%%

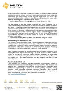 “We are pleased to sign this offtake agreement with Heath Goldfields. This is Trafigura’s second gold transaction on the African continent and our first in Ghana’s gold sector- a market where we have long-standing commercial relationships across other commodities. Trafigura has been active across metals and minerals markets in Africa for over two decades, and the continent remains a cornerstone as we continue to expand our precious metals business. Bogoso-Prestea is a producing asset with a strong operational team and LMA compliance, and we look forward to applying our physical trading expertise and market access in support of a Ghanaian-owned operation of this quality.“he said
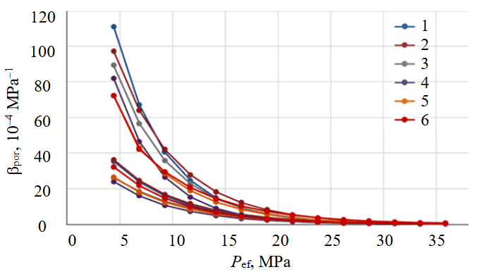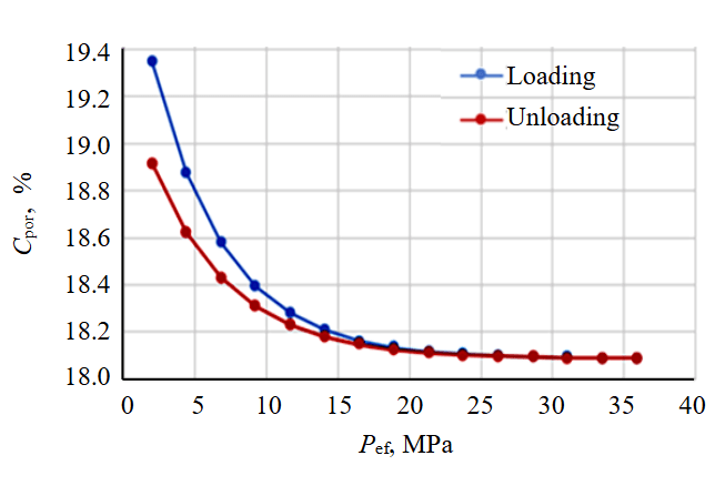 There are different methods for determining the volume compression of rocks caused by changes in the stress state. For example, [7] gives the integral and differential approaches. The influence of the pore type on compressibility with a change in effective stress is given in [24, 25]. The prediction of pore compressibility using an empirical relationship based on the total effective stress and initial porosity is shown in [19]. The analysis of a large number of rock tests in [6, 19] reduced the random error to a minimum and made it possible to determine that the maximum compressibility coefficient is observed at low porosity values.
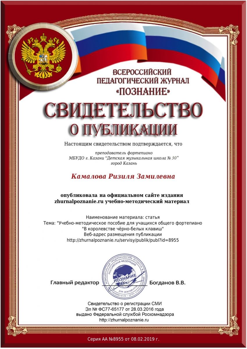 Всероссийский педагогический журнал "Познание" - статья Камаловой Р.З. "Учебно-методическое пособие для учащихся общего фортепиано "В королевстве  чёрно-белых клавиш"
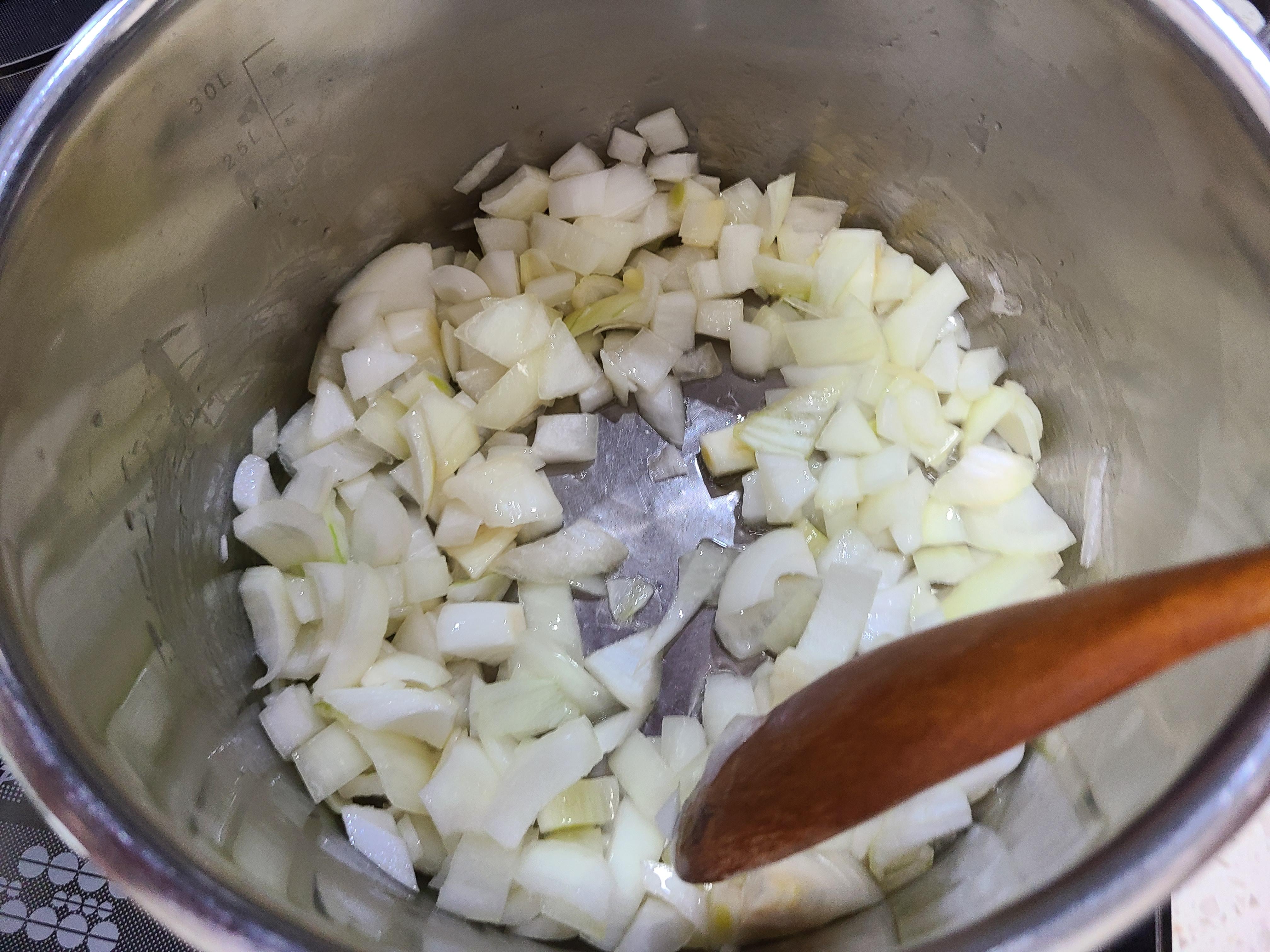 2. 냄비에 식용유를 넣고 양파를 볶아 준다. 캐러멜 색이 날대 까지 볶아줘야 풍미가 있다고 하는데 오늘은 빨리 볶았다.

%%

* **Work item**
Restrict the output to the lines from the one with "Всероссийский педагогический журнал" through the last line of the material above. Print them exactly, leaving out every picture.

* **Solution**
 Всероссийский педагогический журнал "Познание" - статья Камаловой Р.З. "Учебно-методическое пособие для учащихся общего фортепиано "В королевстве  чёрно-белых клавиш"
 2. 냄비에 식용유를 넣고 양파를 볶아 준다. 캐러멜 색이 날대 까지 볶아줘야 풍미가 있다고 하는데 오늘은 빨리 볶았다.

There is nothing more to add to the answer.